Many people believe that as one gets older, it is inevitable that one’s memory and cognitive ability will diminish in capacity and in quality.  Yet, this is untrue.  This is just one of many popular misconceptions that people have of the aging process, arising out of cross-sectional studies performed in the early days of psychological testing.   These were studies that compared the general cognitive functioning of people in different age groups at the same time.  They were often dependent on specific knowledge and did not account for such factors as the differences in teaching processes in different generations. 

More recent longitudinal psychological tests have shown quite different results.  These are tests that compare results of a single individual at different ages, over an extended time span lasting years or decades.  It has been determined, that, for a majority of the elderly, some cognitive tasks are performed better as they get older, demonstrating that learning occurs throughout a person’s life.  These include improvements in vocabulary and the sequencing of pictures.  However, there were noticeable declines in their overall speed at processes, and other specific tests.  These included a test where they are asked to draw a person as accurately as possible:  their quality of  picture formation decreased, as did their ability to complete sentences with appropriate words and clauses.  In the majority of cases, it was found that the only difference in performance was speed, and when they were given enough time, they would demonstrate similar performance as they became older.  Reasoning was found to be one of the most stable cognitive functions throughout the aging process. (Cohen, p. 25)    

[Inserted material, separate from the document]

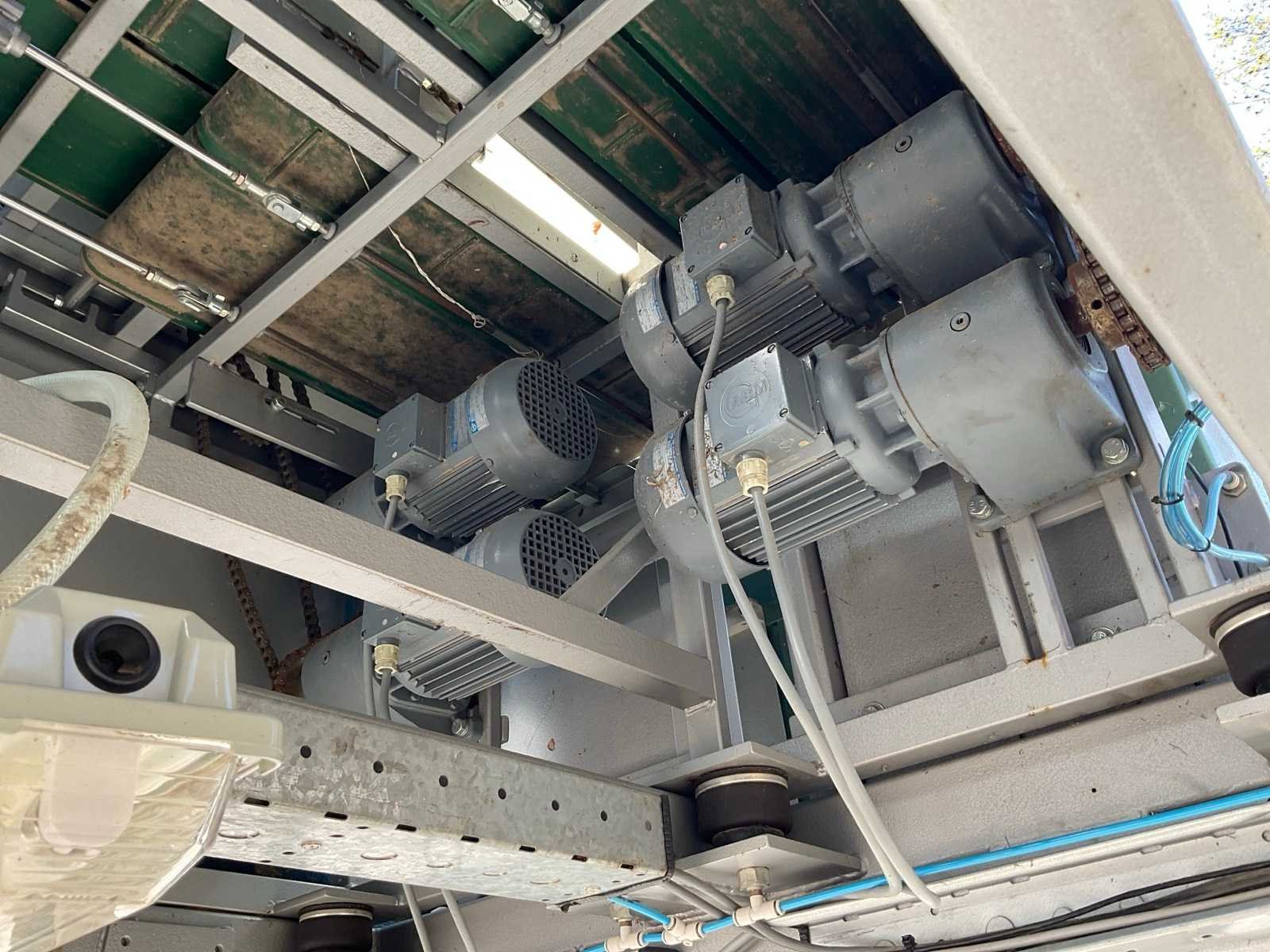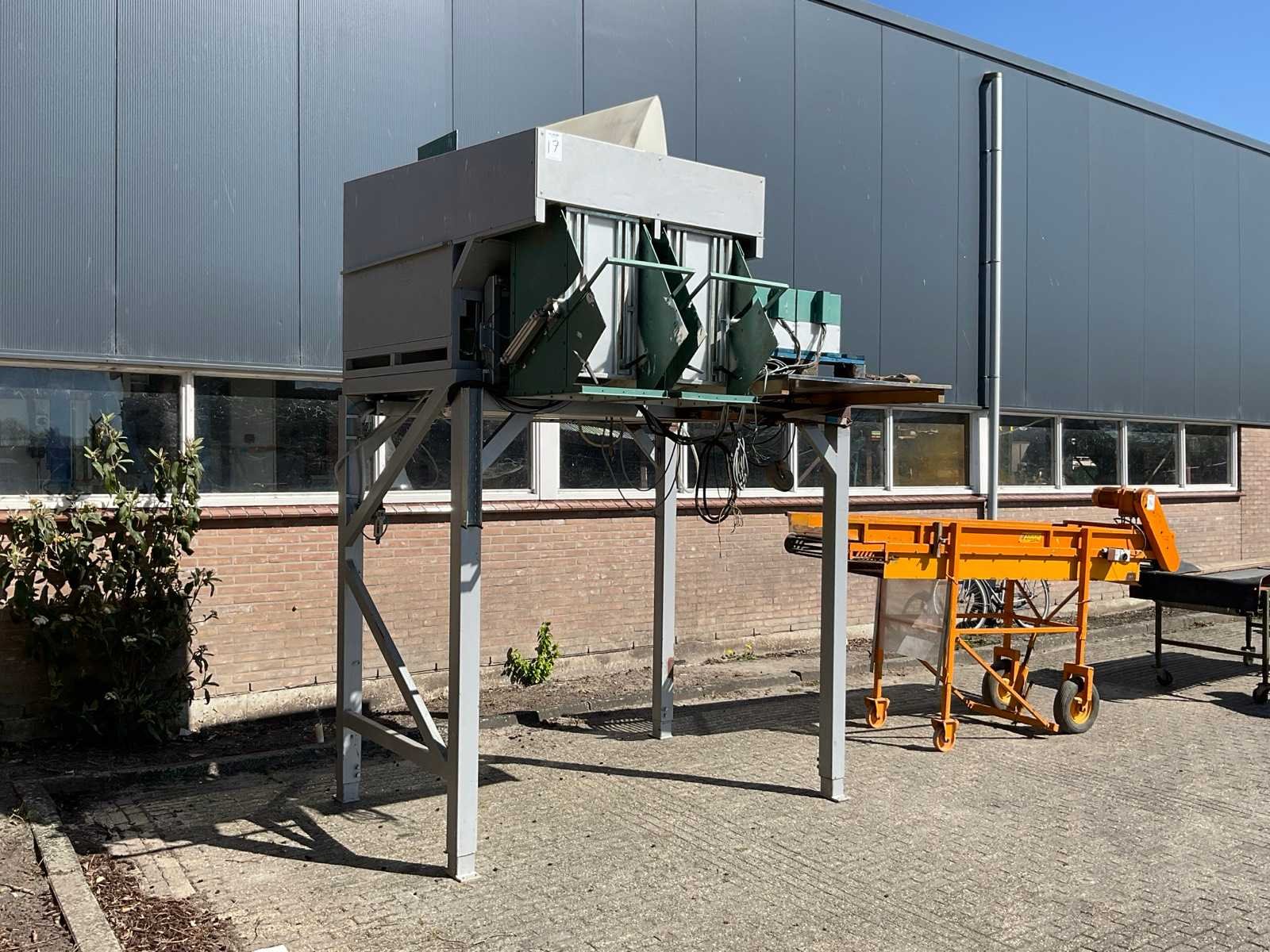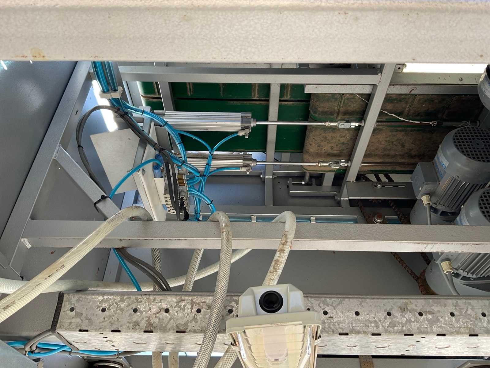 Dubbelvoudig; pneumatisch; gemonteerd op stalen frame Merk: Pro-Pak Type: EW-2 Aansluiting: 400V Totale afmeting L: 2300mm Totale afmeting Breedte: 1560mm Totale afmeting Hoogte: 3180mm

As a counterpoint, it has been determined that a distinction must be made between fluid intelligence and crystallized intelligence in regards to aging.  Fluid intelligence can be thought of as acquiring new concepts and adapting to new situations, whereas crystallized intelligence refers to having previously learned skills.  It has been found that fluid intelligence is affected much more severely with age than crystallized intelligence.  (Parks, p. 7)  Hence the adage, “You can’t teach an old dog new tricks.”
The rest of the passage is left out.